• About this exercise:
Pictures excluded, output the lines of the data below between the one holding "has been cleaned." and the one holding "Ici commence, en", inclusive, exactly as they stand.

[[ Extracted information, beginning ]]

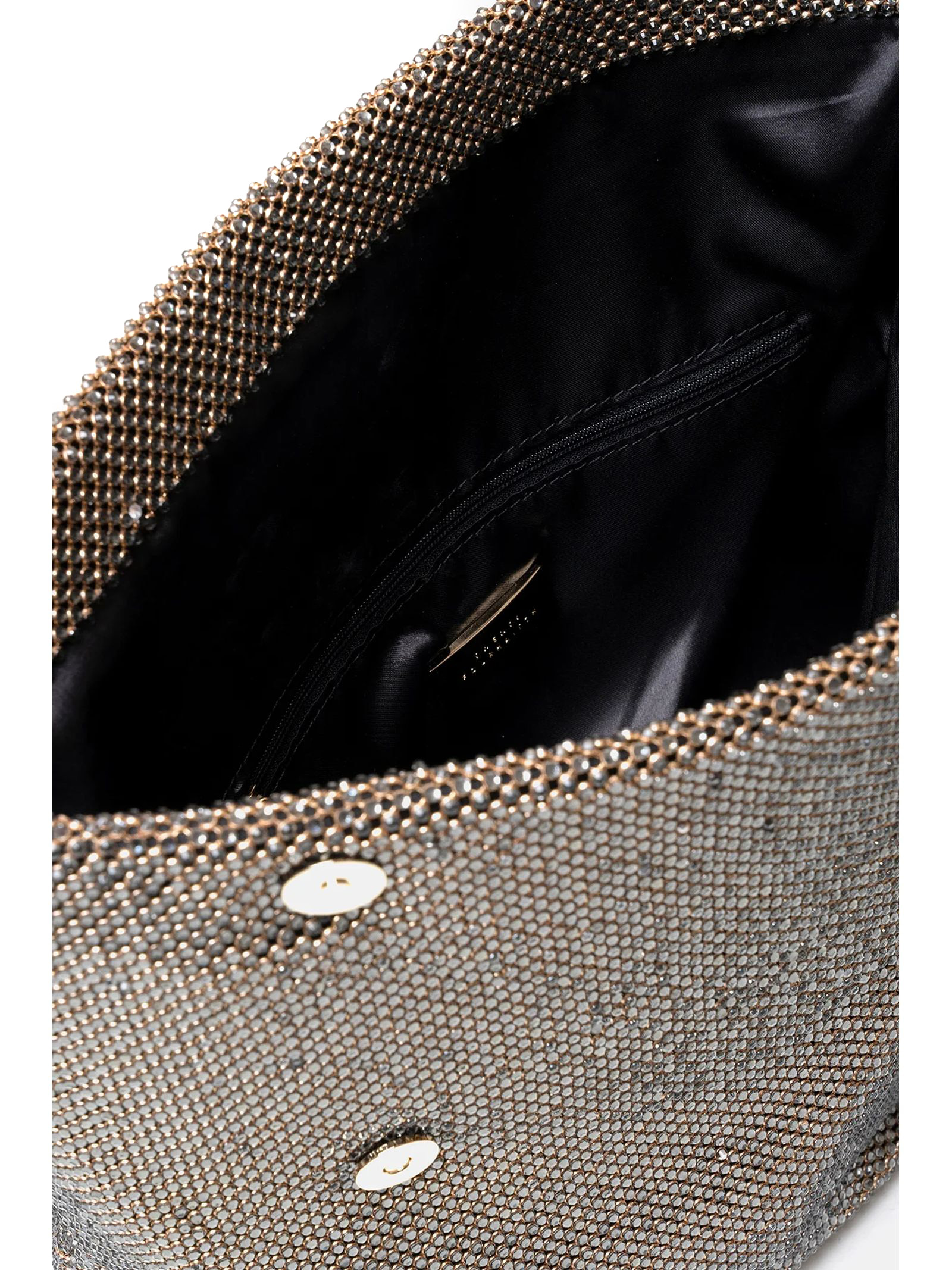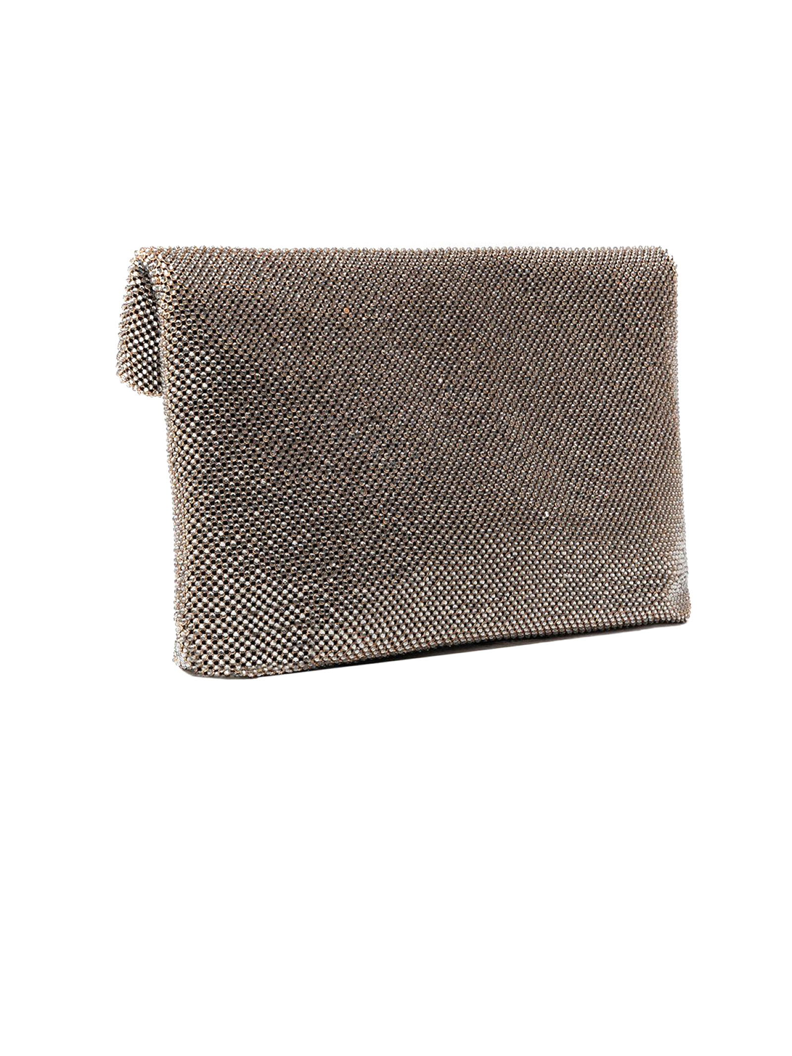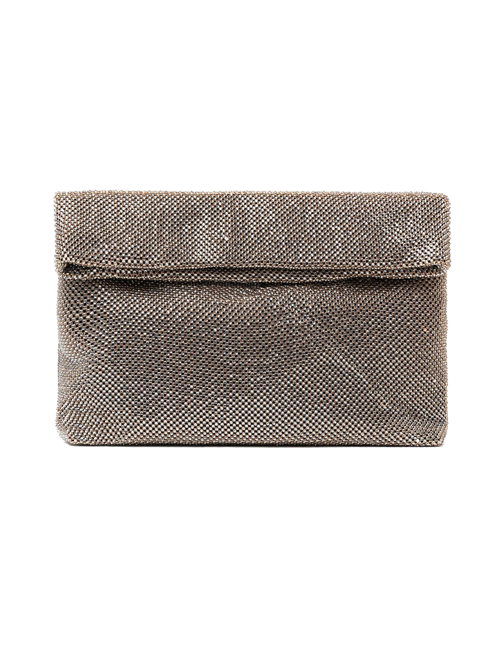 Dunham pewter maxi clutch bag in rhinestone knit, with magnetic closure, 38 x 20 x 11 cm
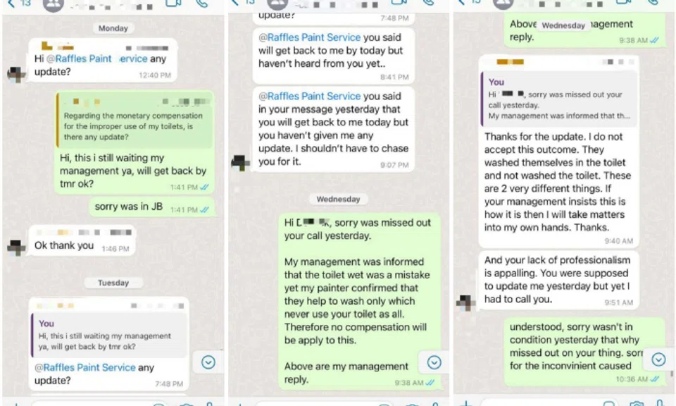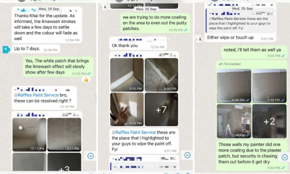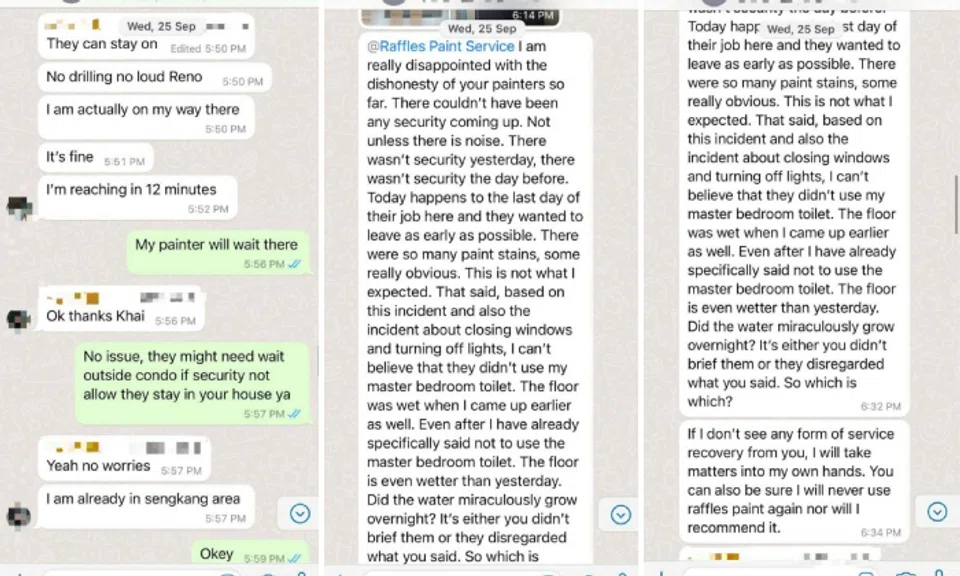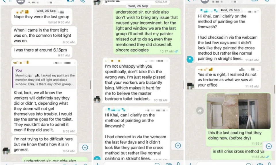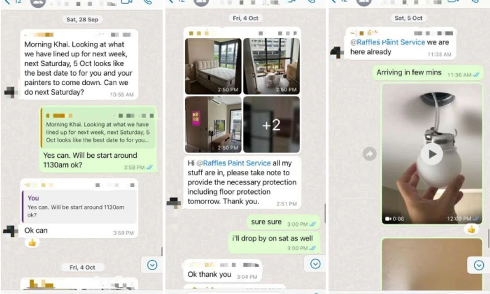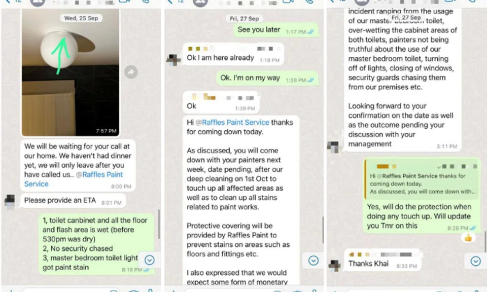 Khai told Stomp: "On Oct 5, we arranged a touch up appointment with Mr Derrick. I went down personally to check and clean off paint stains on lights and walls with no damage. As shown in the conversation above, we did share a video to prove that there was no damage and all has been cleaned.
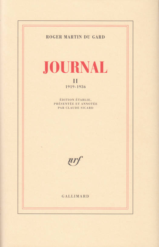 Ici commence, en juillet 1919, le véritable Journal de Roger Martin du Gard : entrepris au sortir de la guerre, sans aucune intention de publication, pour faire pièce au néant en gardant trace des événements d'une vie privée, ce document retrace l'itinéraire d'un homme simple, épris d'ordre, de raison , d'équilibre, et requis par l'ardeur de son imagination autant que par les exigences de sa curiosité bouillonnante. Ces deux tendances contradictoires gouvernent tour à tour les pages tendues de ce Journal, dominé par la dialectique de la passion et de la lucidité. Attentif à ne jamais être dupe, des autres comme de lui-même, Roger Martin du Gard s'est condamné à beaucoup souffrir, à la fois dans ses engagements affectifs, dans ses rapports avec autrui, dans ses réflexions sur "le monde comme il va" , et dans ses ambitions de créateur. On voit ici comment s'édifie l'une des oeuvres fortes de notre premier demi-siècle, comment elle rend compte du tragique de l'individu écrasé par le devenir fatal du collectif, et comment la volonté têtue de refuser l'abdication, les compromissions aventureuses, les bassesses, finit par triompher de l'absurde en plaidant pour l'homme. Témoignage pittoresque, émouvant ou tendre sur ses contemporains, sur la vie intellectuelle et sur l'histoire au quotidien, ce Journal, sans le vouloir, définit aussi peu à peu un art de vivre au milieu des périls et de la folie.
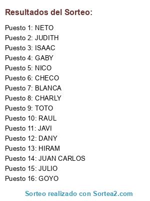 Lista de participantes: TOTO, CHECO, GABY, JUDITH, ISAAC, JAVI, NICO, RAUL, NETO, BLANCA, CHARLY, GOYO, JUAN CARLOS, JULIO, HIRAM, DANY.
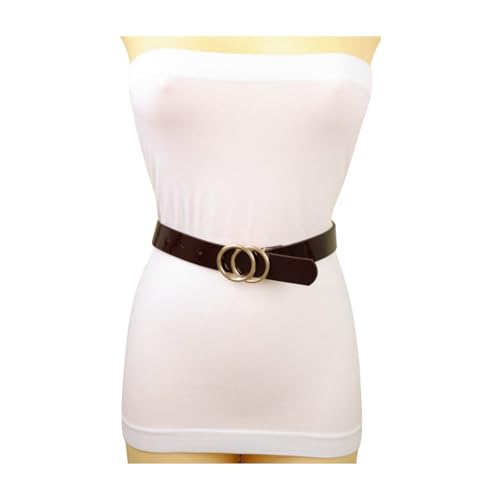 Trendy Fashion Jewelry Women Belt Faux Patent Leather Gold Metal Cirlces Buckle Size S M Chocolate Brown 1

[[ Extracted information, end ]]

• Reply to the exercise:
 Khai told Stomp: "On Oct 5, we arranged a touch up appointment with Mr Derrick. I went down personally to check and clean off paint stains on lights and walls with no damage. As shown in the conversation above, we did share a video to prove that there was no damage and all has been cleaned.
 Ici commence, en juillet 1919, le véritable Journal de Roger Martin du Gard : entrepris au sortir de la guerre, sans aucune intention de publication, pour faire pièce au néant en gardant trace des événements d'une vie privée, ce document retrace l'itinéraire d'un homme simple, épris d'ordre, de raison , d'équilibre, et requis par l'ardeur de son imagination autant que par les exigences de sa curiosité bouillonnante. Ces deux tendances contradictoires gouvernent tour à tour les pages tendues de ce Journal, dominé par la dialectique de la passion et de la lucidité. Attentif à ne jamais être dupe, des autres comme de lui-même, Roger Martin du Gard s'est condamné à beaucoup souffrir, à la fois dans ses engagements affectifs, dans ses rapports avec autrui, dans ses réflexions sur "le monde comme il va" , et dans ses ambitions de créateur. On voit ici comment s'édifie l'une des oeuvres fortes de notre premier demi-siècle, comment elle rend compte du tragique de l'individu écrasé par le devenir fatal du collectif, et comment la volonté têtue de refuser l'abdication, les compromissions aventureuses, les bassesses, finit par triompher de l'absurde en plaidant pour l'homme. Témoignage pittoresque, émouvant ou tendre sur ses contemporains, sur la vie intellectuelle et sur l'histoire au quotidien, ce Journal, sans le vouloir, définit aussi peu à peu un art de vivre au milieu des périls et de la folie.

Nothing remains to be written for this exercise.